Êtes-vous optimiste pour la suite des discussions ?

Il faut se rendre à l’évidence, il n’y a pas beaucoup d’autres options. Je suis confiant pour la suite et espère que l’intérêt général supplantera quelques intérêts particuliers. Le conseiller d’État choisi connaît les professions réglementées. J’espère que son appui satisfera toutes les parties. Le ministère de l’Agriculture se référera à son analyse. Ceux qui s’en écarteront, prendront des risques. Les risques étant d’être notifié d’une radiation et que les contentieux ne soient pas retirés au Conseil d’État. Par ailleurs, ces deux phases ont le mérite d’impliquer les vétérinaires associés. SI nous parvenons à ne pas fermer d’établissements de soins, ces mois supplémentaires n’auront pas été perdus. En revanche, si nous nous retrouvons dans quatre mois au même point, nous prendrons acte que les engagements n’étaient pas sincères. Je retiens aussi que nous avons obtenu plus de résultats en dix jours qu’en cinq ans. Le dossier avance. Je suis soucieux des conséquences auprès des hommes et des femmes qui travaillent dans ces établissements de soins. Notre objectif n’est pas de les fermer ni de les mettre dans une précarité, mais de reprendre ce dossier avec un calendrier et la garantie que dans quatre mois le ministère de l’Agriculture ne sera pas de nouveau sollicité pour obtenir un délai supplémentaire.

Des radiations de cliniques ne sont donc pas exclues après cette conciliation ?

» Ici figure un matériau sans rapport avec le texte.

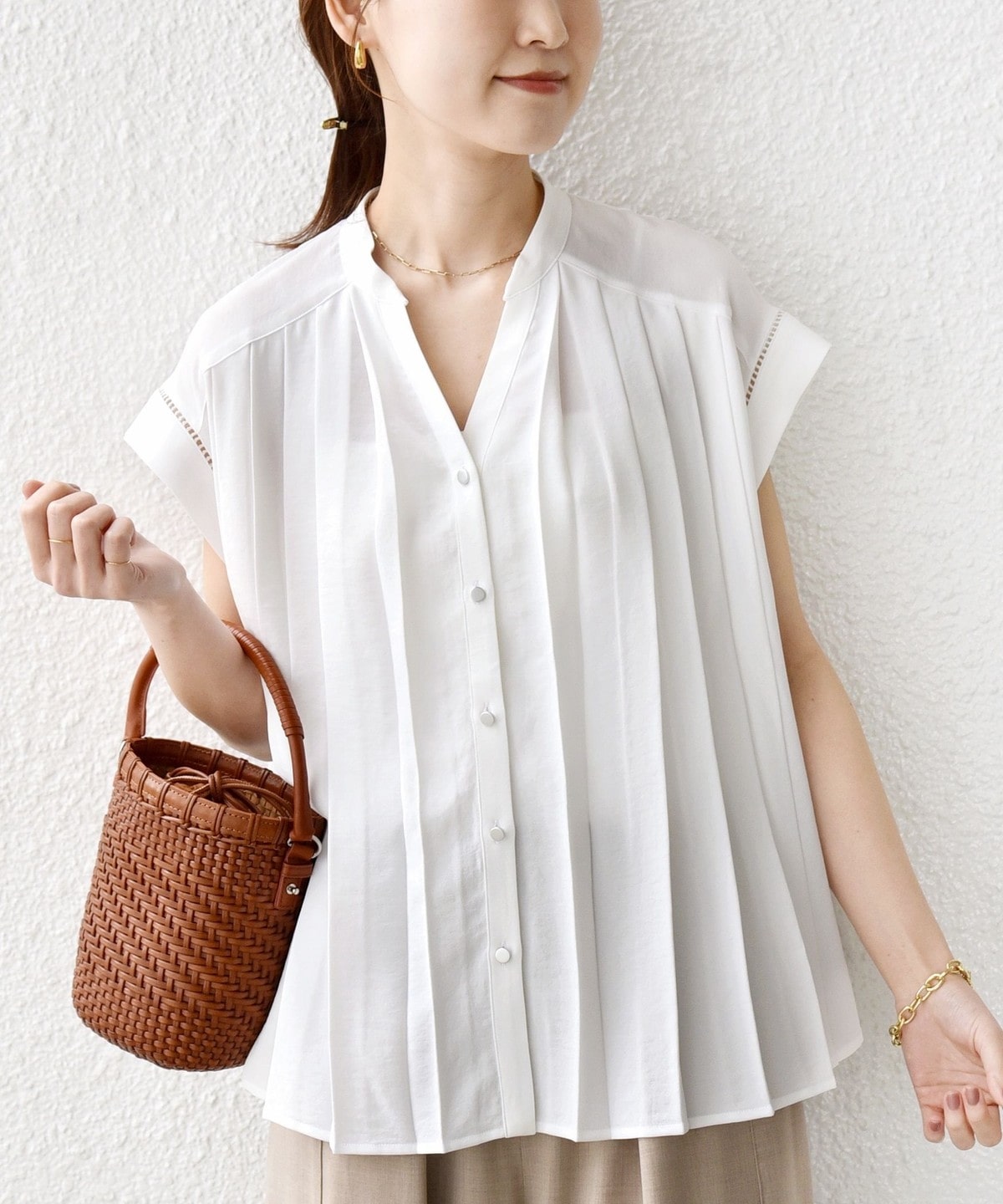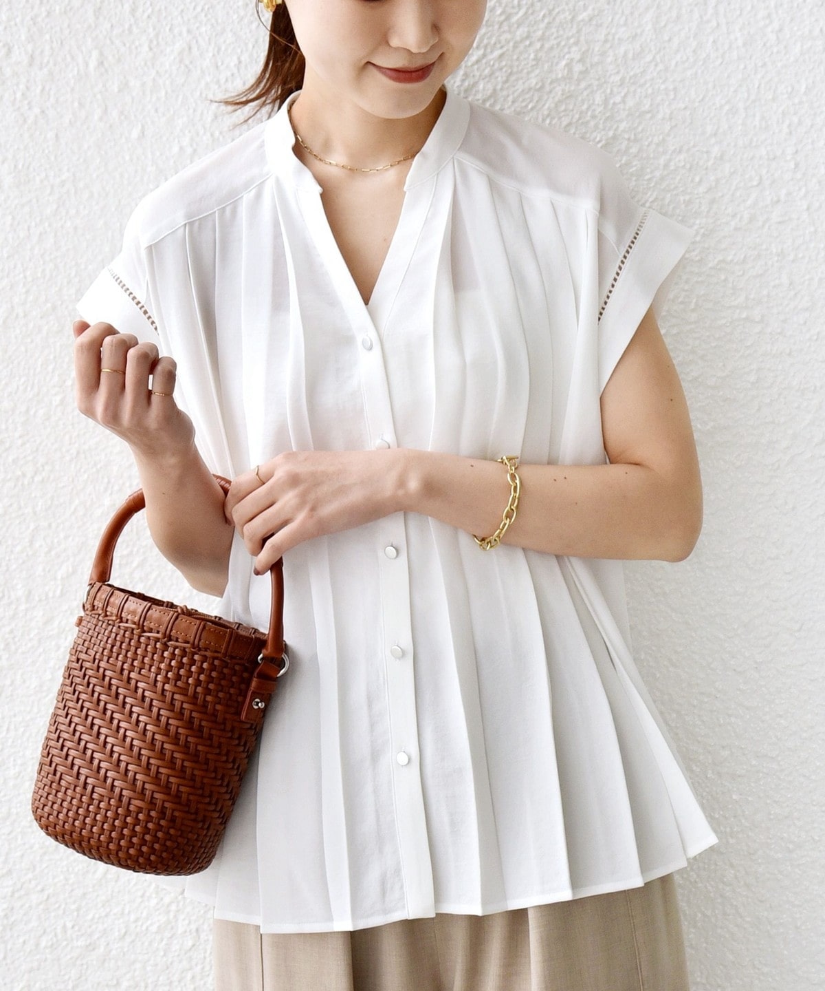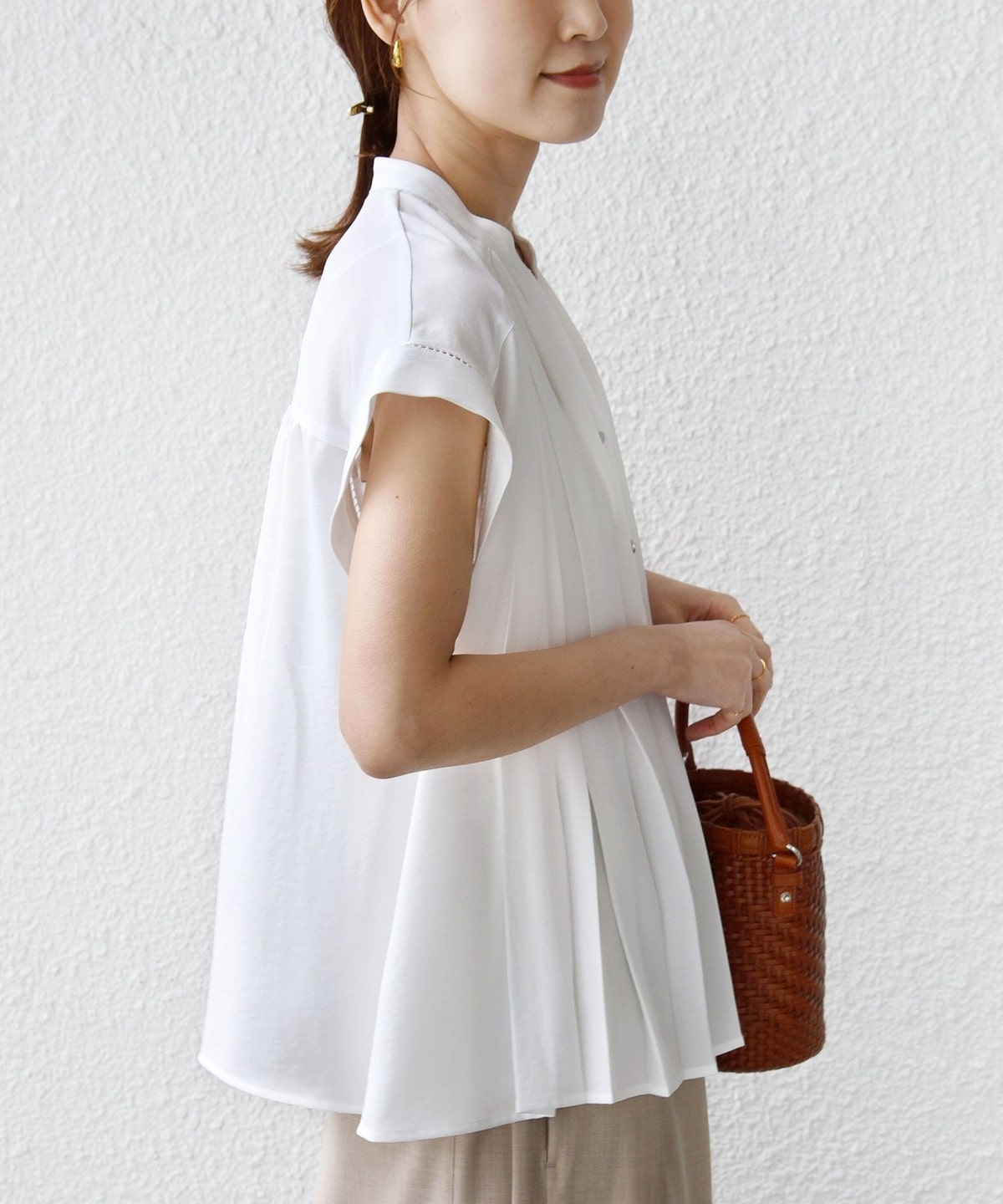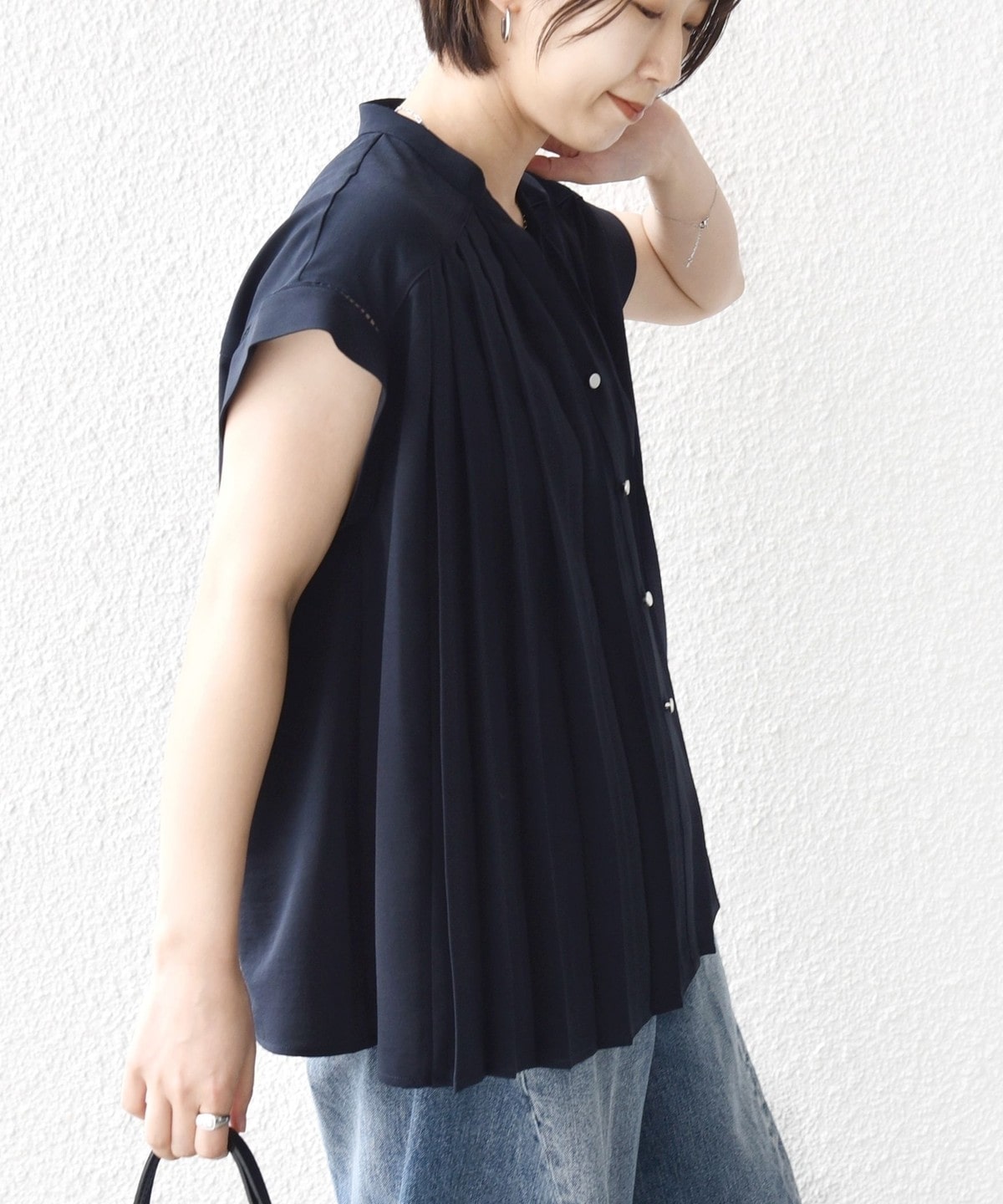 38. 《予約》【WEB限定】〈手洗い可能〉ストレッチ ジョーゼット プリーツ スキッパー ブラウス

Prononcer la radiation d’une société d’exercice vétérinaire n’est pas une décision aisée. Il faut l’assumer humainement. Même si c’est dans la douleur, si nous pouvons aboutir à une issue qui évite d’en arriver à l’impensable, cela vaut le coup de la tenter. Notre objectif est de retrouver un exercice serein dans des sociétés qui fonctionnent normalement et qui garantissent les règles applicables en matière d’exercice de la médecine et de la chirurgie des animaux, notamment en matière d’indépendance du vétérinaire, et ce quel que soit le mode d’exercice. Aussi, je souhaite remettre au centre des débats les vétérinaires qui exercent au sein de ces sociétés, peu importe leur mode d’exercice. Mon unique objectif est de préserver leur pouvoir de décision et leur indépendance professionnelle qui ne se résume pas à la seule indépendance de l’acte de médecine et de chirurgie. Mon souhait est de conserver une médecine vétérinaire avec une offre diversifiée et une capacité de prise en charge des animaux quelle que soit la possibilité financière du foyer. La réglementation française est équilibrée. Ce cadre légal est robuste et doit être respecté.